My Photo
Name:
Location: San Leandro, California, United States

I've spent hours trying to write 'about me' so I just gave up and you'll have to figure this out for yourself. Thanks for stopping in anyway!

Tuesday, May 08, 2007

Nice Weather but...

Not exactly the nicest time of year for yours truly, but I'm here pouring it out for all to see (or ignore).

What's been going on with me lately? I wish I could say that things have been exciting for me and that I'm having a grand ol' time fornicating with a substantial number of adorable Women. It's not true of course, but a guy can dream, cant he?

The books have been keeping my brain occupied much like the Smut I was reading last week.
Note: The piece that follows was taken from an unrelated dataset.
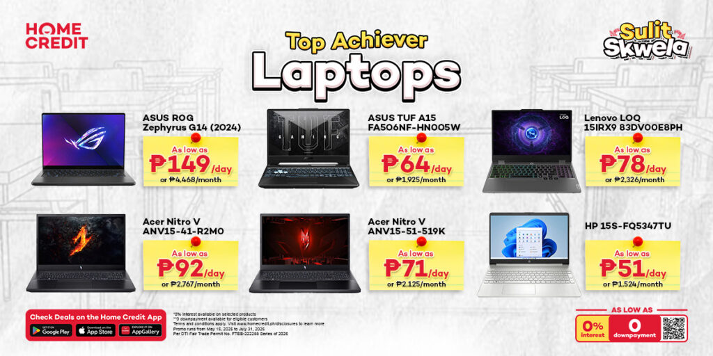 - Lenovo LOQ – Nagagamit sang Intel Core i5-13450HX processor, ini nga Luna Grey laptop may maayo gid nga performance para sa schoolwork kag gaming, kag AI features nga naga-optimize sang settings depende sa imo paggamit. May ara ini 8GB RAM, 512GB storage, kag 15.6-inch display nga may nipis nga bezels para mas immersive ang viewing experience. May rapid charging support para mas hapos dal-on sang mga estudyante. Mabakal mo ang Lenovo LOQ sa ₱78 kada adlaw ukon ₱2,326 kada bulan sa 18 ka bulan paagi sa Home Credit. SRP: ₱57,995.

My recent introverted demeanor has used reading as a way for me to hide in my proverbial cave until I feel like continuing with the hunt. Friends have been a little concerned about me when I go into hiding like this, but I'm doing my best to assure them that things are 'okay' or mediocre at best.

This happens to be a time where I would prefer to be alone rather than interact with coworkers, friends, or even roommates. It's really nothing personal...after all, I'm pretty much avoiding any contact with my family as well. My Sisters and Mother have been trying to contact me to make arrangements to visit San Diego sometime mid June, but I don't even know if I can afford to visit with my current financial state.

My kids are due to spend a few weeks with my folks in SD, but I'll have to bite the bullet and ask them to help me pay for the train tickets. I realize it's silly to have as much pride in my self sufficiency, but it literally hurts me to ask them for help. They've already helped me so much and I feel like I've done nothing but extend my hand for more assistance. It's a stupid, ugly downward spiral and I suspect that I'll eventually give in and make another choked up phone call to my parents.

Fucking humility...oh how I hate that word.

3 Comments:

Blogger Kat said...

I hate asking for help. I've had to do it a lot this year, but I'll be on my own feet soon. :)

5:29 PM  
Blogger Vi said...

That's what families are for Tobi. Mine have pulled me out of trouble quite a few times.

3:48 AM  
Blogger Unknown said...

There is no shame in needing help. That's what families are for....if they were ever in need and you were in a position to help them, you would in a heartbeat.